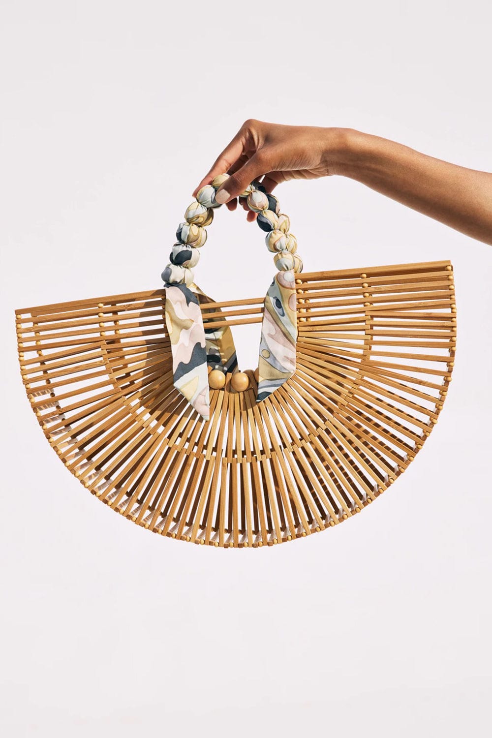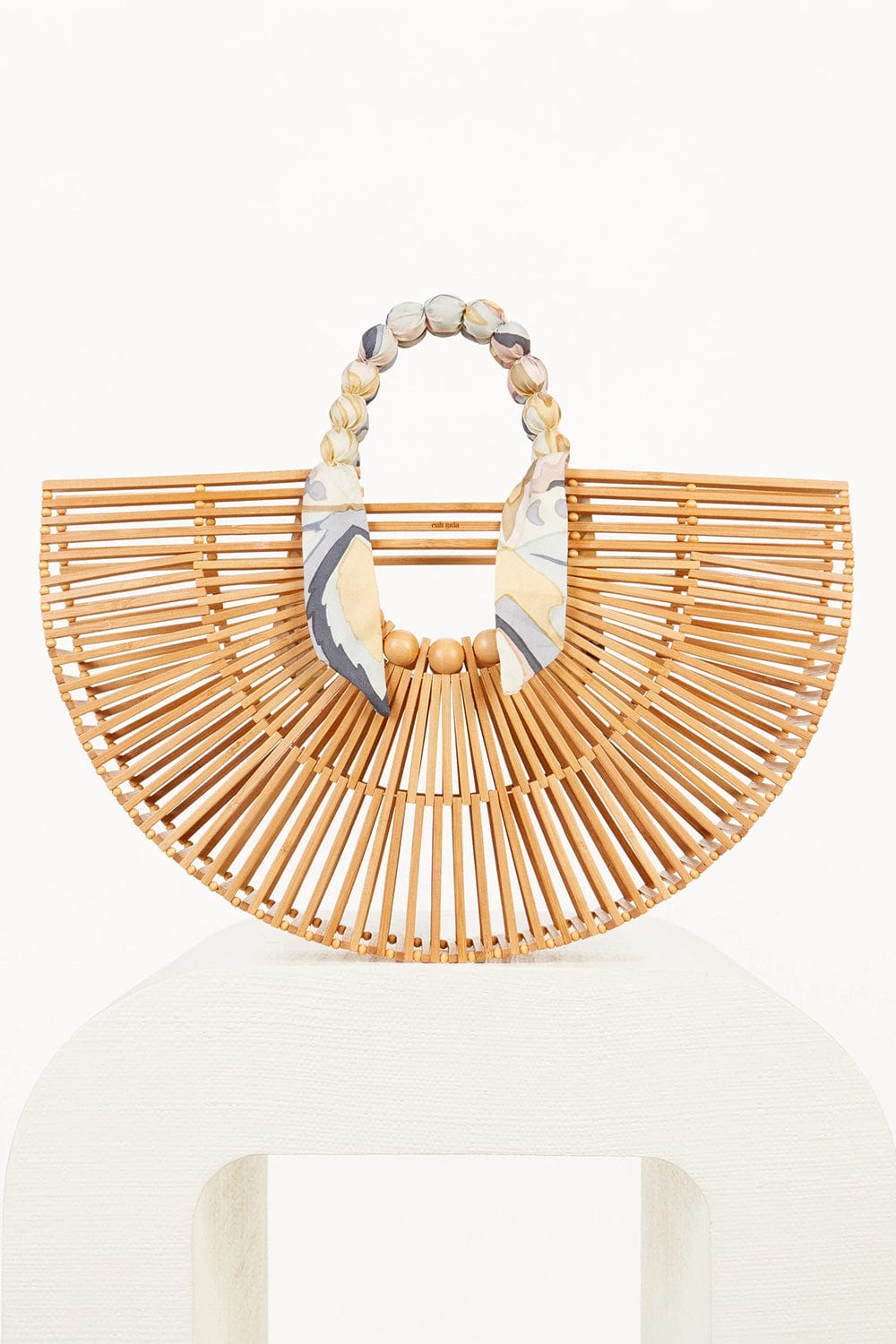 Cult Gaia fan ark top handle tote in natural.
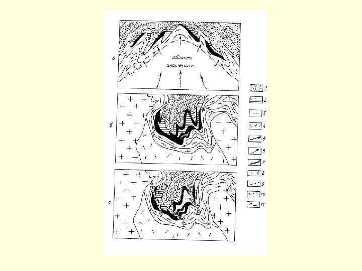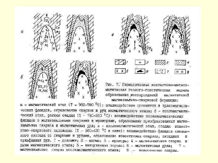 10 8 9 • 6 7 5 4 1 2 3 В протяженной более 3 км по вертикали области рудоотложения выделено 4 группы и 10 разновидностей рудных залежей, образованных в процессе многоэтапного взаимодействия рудообразующих флюидов с вмещающей средой и локализованные на разных уровнях вулканотектонической постройки. В контактах промежуточной магматической камеры на уровне замещенных карбонатно-соленосных отложений развиты конформные и послойные залежи магнезиальноскарновых магнетитовых руд. Среди терригенно-карбонатных отложений палеозоя распространены штокверковые и послойные залежи в магнезиальных и известковых скарнах и скарноидах. В брекчированных участках диатрем и прилегающего пространства преобладают крутопадающие рудные залежи в известковых скарнах. Особый тип представляют жильные и оолитовые руды, образованные в жерле и кратерных озерах над разрушающимися в процессе просадки метасоматическими залежами.
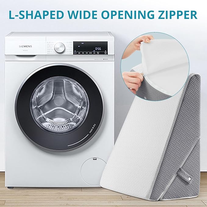 - REMOVABLE & WASHABLE COVER: The SASTTIE incline pillow for sleeping comes with a cover made of premium air layer fabric, ensuring maximum breathability and comfort. Featuring an L-shaped wide-opening zipper, the cover is easy to remove and machine wash, keeping your wedge for bed hygienic and fresh. Enjoy the convenience of maintaining a clean sleep environment with minimal effort.
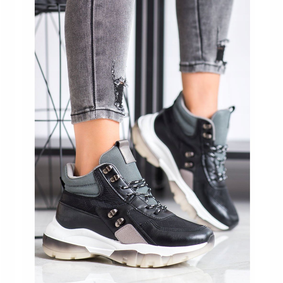 A fekete SHELOVET tornacipők sokszínű díszítéssel olyan nők számára készültek, akik szeretnének kitűnni a tömegből. Ne habozzon, és legyen tulajdonosa ennek az egyedülálló modellnek, amely minden bizonnyal sok mindennapi stílus alapja lesz. Amikor megvásárolja ezeket a cipőket, nem csak a divatot, hanem a kényelmet is választja!
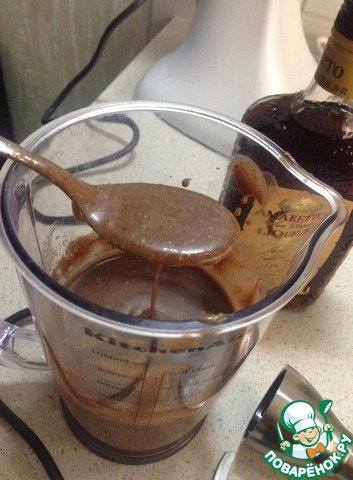 Добавляем какао-порошок и сухое молоко, еще раз взбиваем. Моему блендеру это далось с трудом :). Очень густо! Но это и хорошо. :)
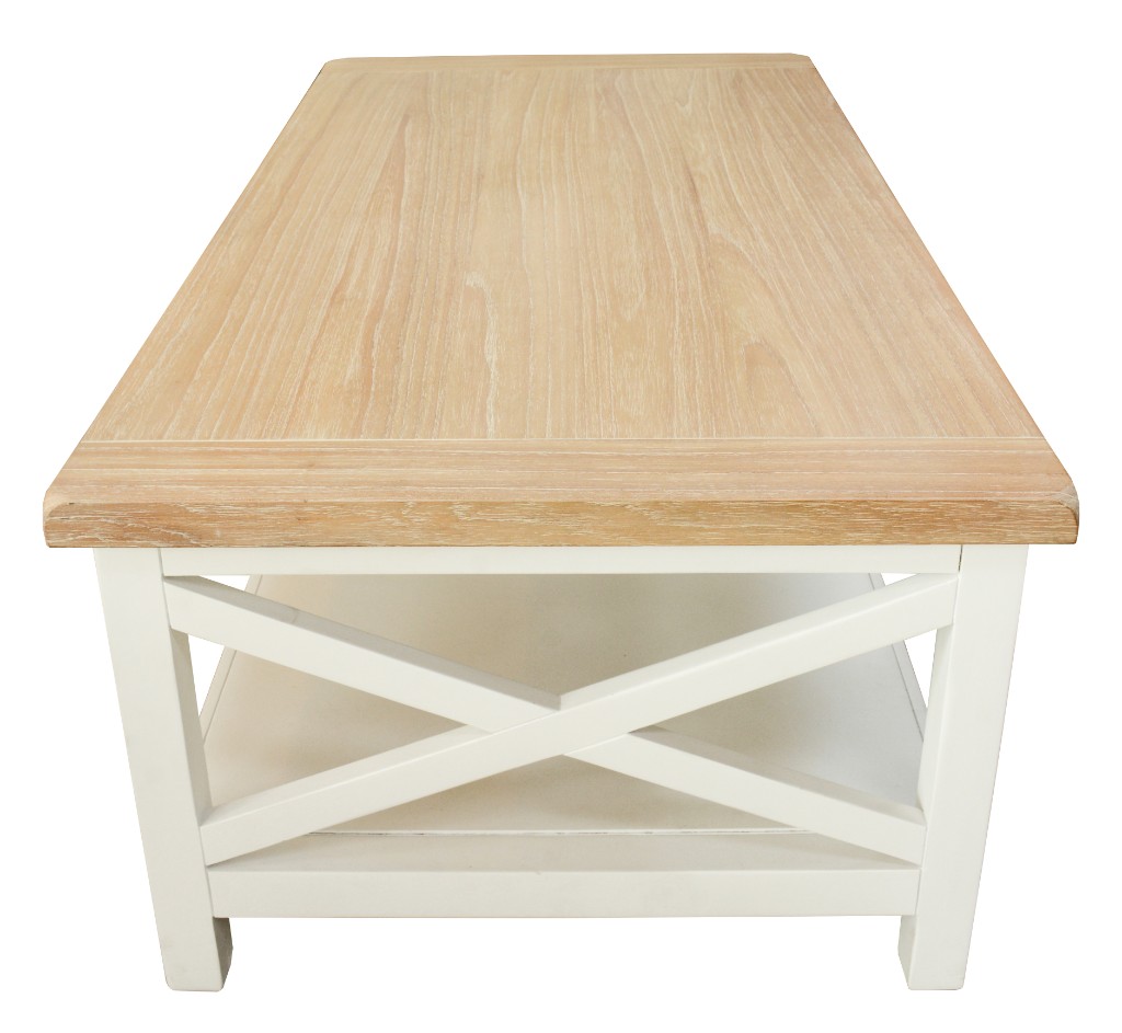 • Elegant Hampton-inspired design with a crisp white painted finish and contrasting natural top
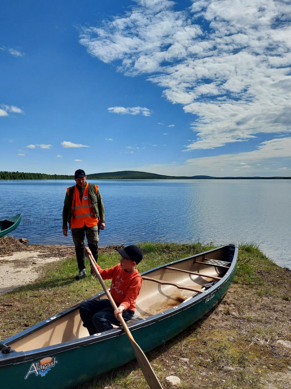 Lauantaiaamuun heräiltiin teltoista puoli kahdeksan aikoihin ja aamupalan jälkeen saatiin päivä mukavasti käyntiin, kun leirille vierailemaan tuli Riekkokummun kennelistä Heikki Aikio lyhytkarvaisine saksanseisojineen. Koiria ihasteltiin Tievatuvan pihamaalla ja metsikossa puoli kymmeneen asti, jolloin pyörähtivät käyntiin toisen leiripäivän rastit: kalastus, suunnistus, kanoottimelonta, näätärasti ja tietovisa.
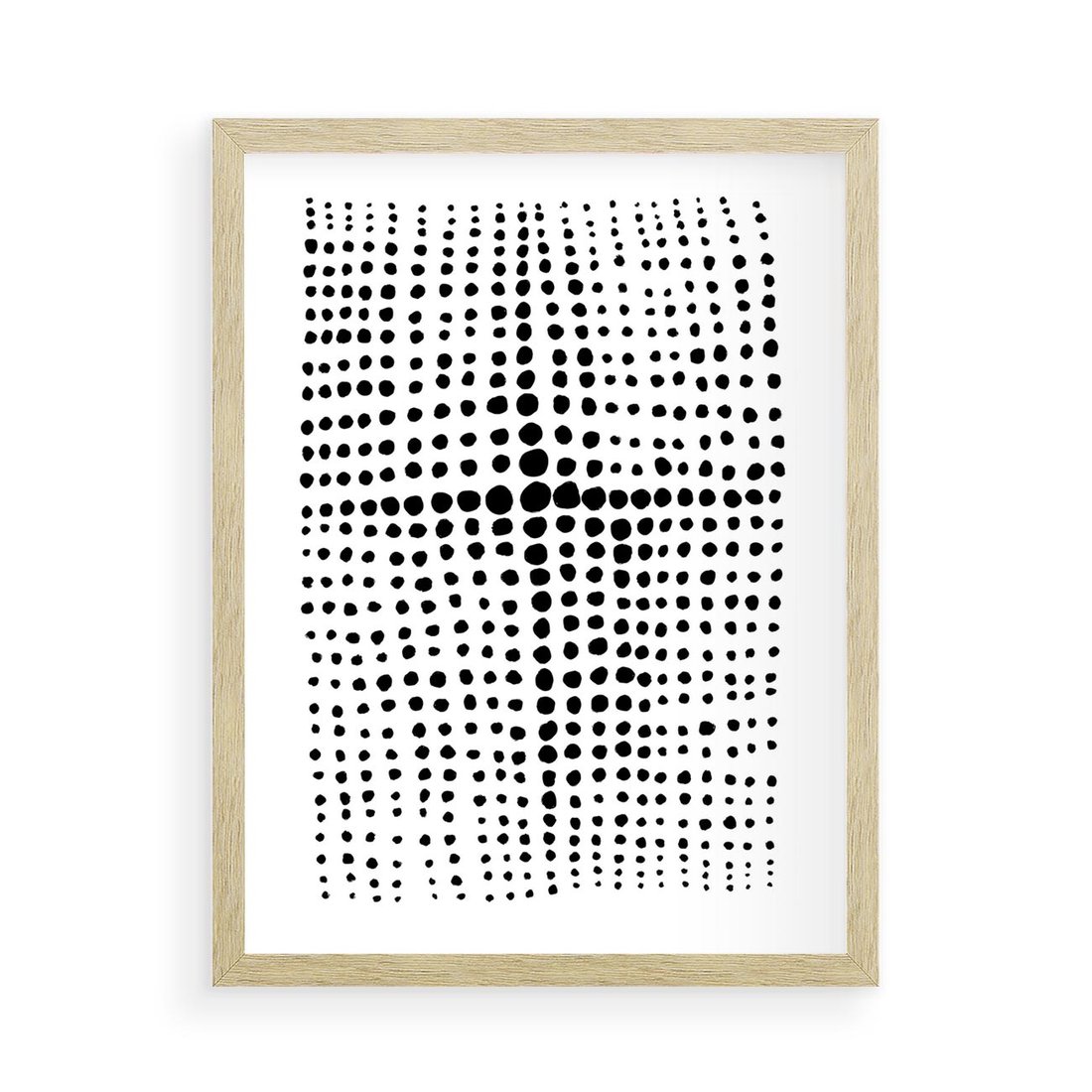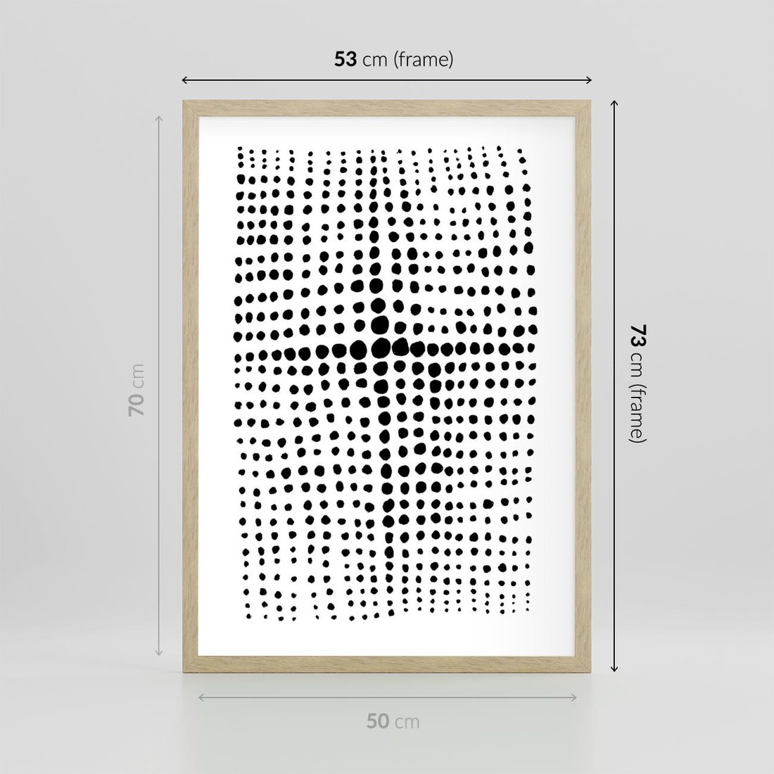 Plakat w ramie 50x70 - Refleksje Monochromatycznych Widoków - abstrakcyjna kompozycja z czarnych kropek, minimalistyczny czarno bialy plakat - rama drewno
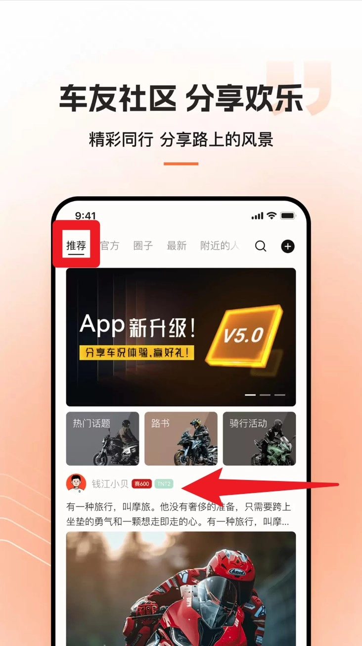 1. 打开首页,点击「车友社区」,在这里你能够浏览推荐帖、骑行日记,还可以发布动态,与其他骑士展开交流互动。
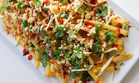 - When the fries are done, season with a pinch of salt if desired. Pile them on a long oval or rectangular plate. Drizzle with hoisin, sriracha, and garlic mayonnaise. Start with 2 teaspoons of sriracha and adjust to preference. Top with crushed peanuts and chopped cilantro.
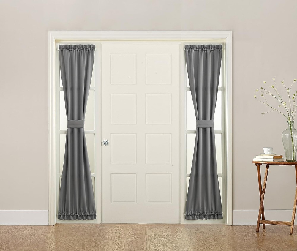 About this item Ideal solution for front doors, includes a tie-back for optimal light control Room Darkening technology blocks out some unwanted light while enhancing privacy Energy efficient design reduces energy lost through your windows by up to 25% Thermal properties help keep summer heat and winter chill out of your home Noise reduction up to 25% helps you get a sounder, more uninterrupted sleep Built-in rod pocket fits curtain rods up to 1.5" in diameter
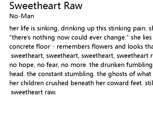 her life is sinking, drinking up this stinking pain. she gets to thinking, "there's nothing now could ever change." she lies for hours, crashed upon the concrete floor - remembers flowers and looks that left her sweet heart raw. [chorus:] sweetheart, sweetheart, sweetheart, sweetheart raw - no hope, no fear; no hope, no fear, no more. the drunken fumbling, the shaking hands and shaken head. the constant stumbling. the ghosts of what she should have said. she sees her children crushed beneath her coward feet. still not forgiven, she's broken by her heart's sweet beat. [chorus x2] sweetheart raw. |
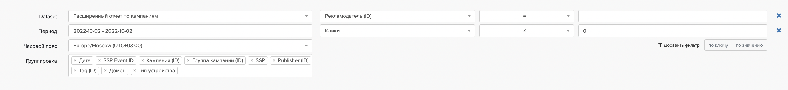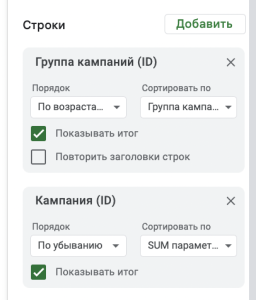 В строках добавляются атрибуты данных, нечисловые значения, которые нельзя посчитать. Эти данные представляют в отчете своего рода разрезы, в которых можно смотреть показатели, например кампания, ssp или tag id.
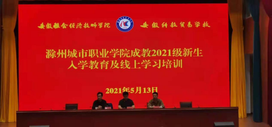 5月13日下午,为切实做好成人教育工作,继续教育中心副主任张晓杰,秘书孟红军赴蚌埠市安徽科技贸易 学校开展入学教育。该校培训部主任陈治国主持入学教育,近200名新生参加了活动。
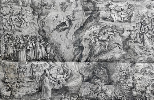 ZIARNKO Jan, « Description et figure du sabbat des sorcières », 1613, gravure sur cuivre. Pour la première fois au XVIIe siècle, dans le contexte de la chasse aux sorcières, apparaît le cliché de la vieille femme sur son balai.
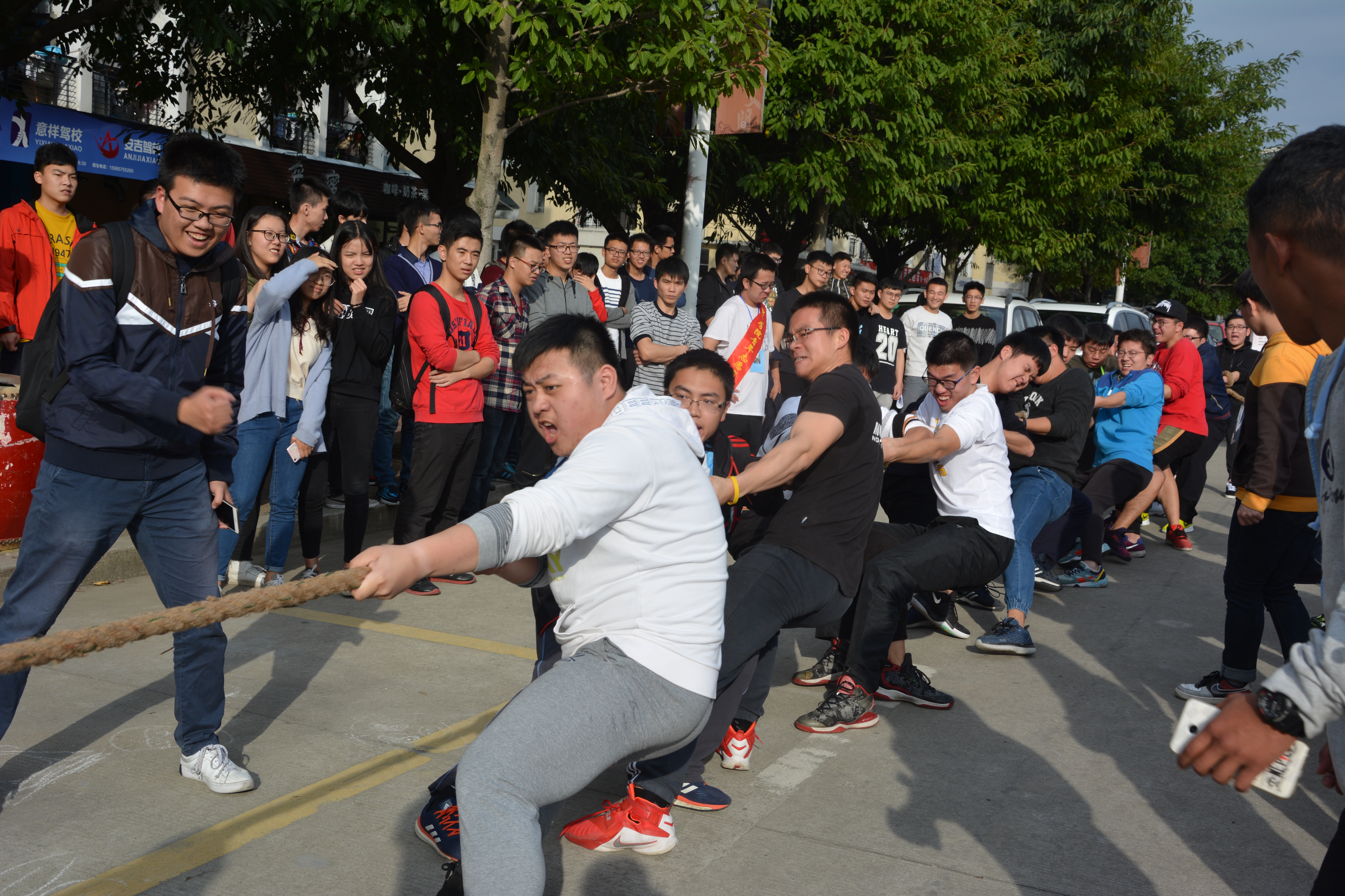 本次比赛分为男子组和女子组两大类,每类别各有四支参赛队伍,他们分别来自2017级本科生代表队、2016级本科生代表队、2015级本科生代表队、2014级本科生代表队以及研究生代表队,每支参赛队伍规定人数为15人。比赛实行淘汰晋级制度,抽签分组决定比赛顺序。随着“咚咚咚”鼓声的响起,参赛选手和裁判员准备就绪,一场气势浩荡的拔河比赛正式开始。

__ACTION ITEM__
The listing above must be repeated exactly. Its pictures are not part of the copy.

__SOLUTION TO THIS TASK__
 Cult Gaia fan ark top handle tote in natural.
 10 8 9 • 6 7 5 4 1 2 3 В протяженной более 3 км по вертикали области рудоотложения выделено 4 группы и 10 разновидностей рудных залежей, образованных в процессе многоэтапного взаимодействия рудообразующих флюидов с вмещающей средой и локализованные на разных уровнях вулканотектонической постройки. В контактах промежуточной магматической камеры на уровне замещенных карбонатно-соленосных отложений развиты конформные и послойные залежи магнезиальноскарновых магнетитовых руд. Среди терригенно-карбонатных отложений палеозоя распространены штокверковые и послойные залежи в магнезиальных и известковых скарнах и скарноидах. В брекчированных участках диатрем и прилегающего пространства преобладают крутопадающие рудные залежи в известковых скарнах. Особый тип представляют жильные и оолитовые руды, образованные в жерле и кратерных озерах над разрушающимися в процессе просадки метасоматическими залежами.
 - REMOVABLE & WASHABLE COVER: The SASTTIE incline pillow for sleeping comes with a cover made of premium air layer fabric, ensuring maximum breathability and comfort. Featuring an L-shaped wide-opening zipper, the cover is easy to remove and machine wash, keeping your wedge for bed hygienic and fresh. Enjoy the convenience of maintaining a clean sleep environment with minimal effort.
 A fekete SHELOVET tornacipők sokszínű díszítéssel olyan nők számára készültek, akik szeretnének kitűnni a tömegből. Ne habozzon, és legyen tulajdonosa ennek az egyedülálló modellnek, amely minden bizonnyal sok mindennapi stílus alapja lesz. Amikor megvásárolja ezeket a cipőket, nem csak a divatot, hanem a kényelmet is választja!
 Добавляем какао-порошок и сухое молоко, еще раз взбиваем. Моему блендеру это далось с трудом :). Очень густо! Но это и хорошо. :)
 • Elegant Hampton-inspired design with a crisp white painted finish and contrasting natural top
 Lauantaiaamuun heräiltiin teltoista puoli kahdeksan aikoihin ja aamupalan jälkeen saatiin päivä mukavasti käyntiin, kun leirille vierailemaan tuli Riekkokummun kennelistä Heikki Aikio lyhytkarvaisine saksanseisojineen. Koiria ihasteltiin Tievatuvan pihamaalla ja metsikossa puoli kymmeneen asti, jolloin pyörähtivät käyntiin toisen leiripäivän rastit: kalastus, suunnistus, kanoottimelonta, näätärasti ja tietovisa.
 Plakat w ramie 50x70 - Refleksje Monochromatycznych Widoków - abstrakcyjna kompozycja z czarnych kropek, minimalistyczny czarno bialy plakat - rama drewno
 1. 打开首页,点击「车友社区」,在这里你能够浏览推荐帖、骑行日记,还可以发布动态,与其他骑士展开交流互动。
 - When the fries are done, season with a pinch of salt if desired. Pile them on a long oval or rectangular plate. Drizzle with hoisin, sriracha, and garlic mayonnaise. Start with 2 teaspoons of sriracha and adjust to preference. Top with crushed peanuts and chopped cilantro.
 About this item Ideal solution for front doors, includes a tie-back for optimal light control Room Darkening technology blocks out some unwanted light while enhancing privacy Energy efficient design reduces energy lost through your windows by up to 25% Thermal properties help keep summer heat and winter chill out of your home Noise reduction up to 25% helps you get a sounder, more uninterrupted sleep Built-in rod pocket fits curtain rods up to 1.5" in diameter
 her life is sinking, drinking up this stinking pain. she gets to thinking, "there's nothing now could ever change." she lies for hours, crashed upon the concrete floor - remembers flowers and looks that left her sweet heart raw. [chorus:] sweetheart, sweetheart, sweetheart, sweetheart raw - no hope, no fear; no hope, no fear, no more. the drunken fumbling, the shaking hands and shaken head. the constant stumbling. the ghosts of what she should have said. she sees her children crushed beneath her coward feet. still not forgiven, she's broken by her heart's sweet beat. [chorus x2] sweetheart raw. |
 В строках добавляются атрибуты данных, нечисловые значения, которые нельзя посчитать. Эти данные представляют в отчете своего рода разрезы, в которых можно смотреть показатели, например кампания, ssp или tag id.
 5月13日下午,为切实做好成人教育工作,继续教育中心副主任张晓杰,秘书孟红军赴蚌埠市安徽科技贸易 学校开展入学教育。该校培训部主任陈治国主持入学教育,近200名新生参加了活动。
 ZIARNKO Jan, « Description et figure du sabbat des sorcières », 1613, gravure sur cuivre. Pour la première fois au XVIIe siècle, dans le contexte de la chasse aux sorcières, apparaît le cliché de la vieille femme sur son balai.
 本次比赛分为男子组和女子组两大类,每类别各有四支参赛队伍,他们分别来自2017级本科生代表队、2016级本科生代表队、2015级本科生代表队、2014级本科生代表队以及研究生代表队,每支参赛队伍规定人数为15人。比赛实行淘汰晋级制度,抽签分组决定比赛顺序。随着“咚咚咚”鼓声的响起,参赛选手和裁判员准备就绪,一场气势浩荡的拔河比赛正式开始。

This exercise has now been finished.